Ambitious Mech Interp w/ Tensor-transformers on toy languages [Project Proposal]
Tensor-transformers make compositionality clear-as-day from weights alone, no data required.
A new research proposal from Pivotal (application deadline May 3rd) aims to crack open the black box of large language models by training tensor-transformers on toy languages built from known computational primitives. The key insight: while current mechanistic interpretability relies on post-hoc analysis of real LLMs to find patterns like induction heads and skip-trigrams, this project flips the script by constructing a controlled data-generating process where those primitives are explicitly embedded. Because tensor-transformers expose direct relationships between model components via their weight structure (unlike standard neural networks that require running data), researchers can study fundamental problems—suppression, error correction, compositional reuse—with ground-truth verification.

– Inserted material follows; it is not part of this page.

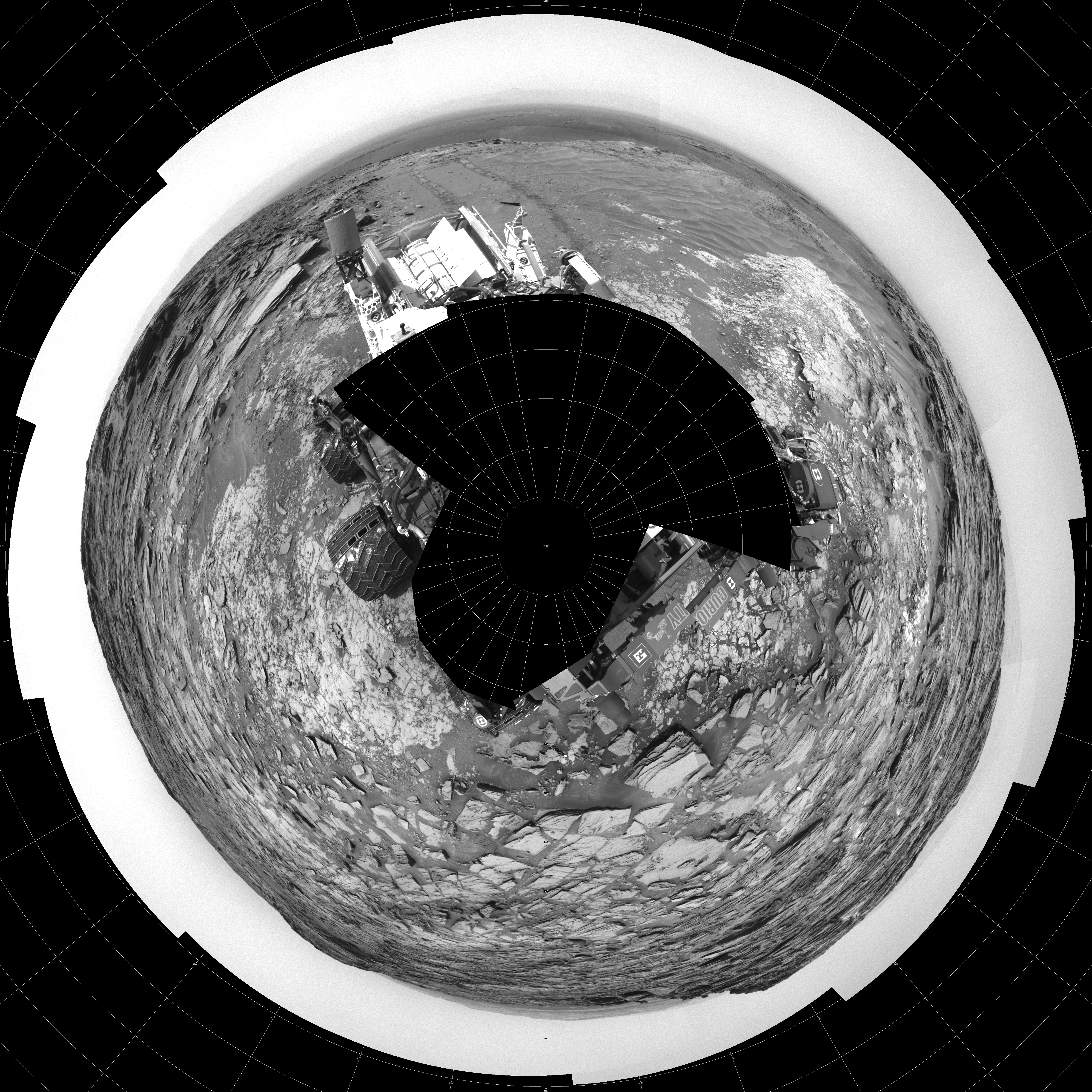 NASA's Mars rover Curiosity took 31 images in Gale Crater using its mast-mounted Left Navigation Camera (Navcam) to create this mosaic. The seam-corrected mosaic provides a polar stereographic projection panorama of the Martian surface with 0 degrees azimuth (measured clockwise from north) at the top of the image. Curiosity took the images on May 28, 2015, Sol 997 of the Mars Science Laboratory mission at drive 1570, site number 48. The local mean solar time for the image exposures was 2 PM. Each Navcam image has a 45-degree field of view. CREDIT: NASA/JPL-Caltech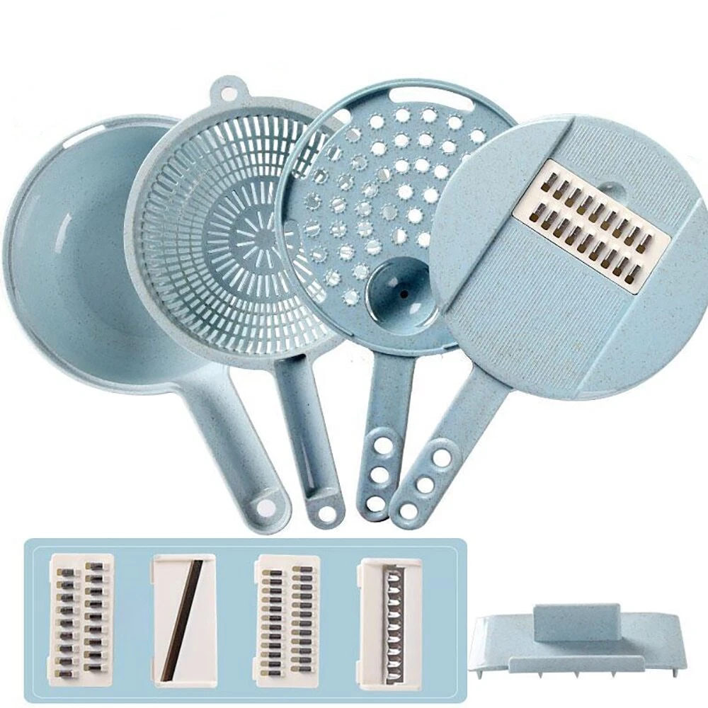 Overview: This hand-held slicer made from Food-Grade stainless steel & BPA-Free plastic offers. It offers all the functionality of multiple appliances with changeable stainless blades. These blades can cut through all kinds of vegetables, grate cheese, slice potatoes, and cutting fruits, and even can create paste-like vegetables or mashed potatoes. With this kitchen cutting kit, you can save 70% time, say bye to watery eyes when slicing onions; And helps you prepare food more elegantly. Specification: Material: wheat straw + PP + stainless steel Size:29.5 cm * 12.0 cm * 9.5 cm Weight:0.55kg Package Content : 4x Blades 1xContainer 1xSlicing Guard hand Protector 1xDrain basket 1xSlicer 1xEgg Divider+Grater

Early results are promising: a 2-layer attention-only tensor-transformer trained on a simple language shows clean bigram statistics in its embed→unembed mapping—e.g., 'alice' predicts 'sees' 70%, 'helps' 20%, 'finds' 10%. The proposal outlines specific research directions: improving the data-generating process with nested structures and long-range dependencies, studying dependencies during training (must X learn before Y?), building new interpretability tools, and exploiting the unique properties of tensor networks. If successful, this closed-loop approach could eventually let LLMs automate ambitious interpretability—verifying that simple descriptions replicate model behavior. The project is seeking mentees to apply by May 3rd.
- Toy languages built from known primitives (induction heads, skip-trigrams) allow ground-truth verification of model internals.
- Tensor-transformers expose compositionality directly from weights, unlike standard neural networks requiring data runs.
- Early 2-layer model already shows clear bigram statistics; project aims to scale to nested structures and long-range dependencies.
Why It Matters
Could create a self-improving cycle where LLMs automate the discovery of their own internal mechanisms.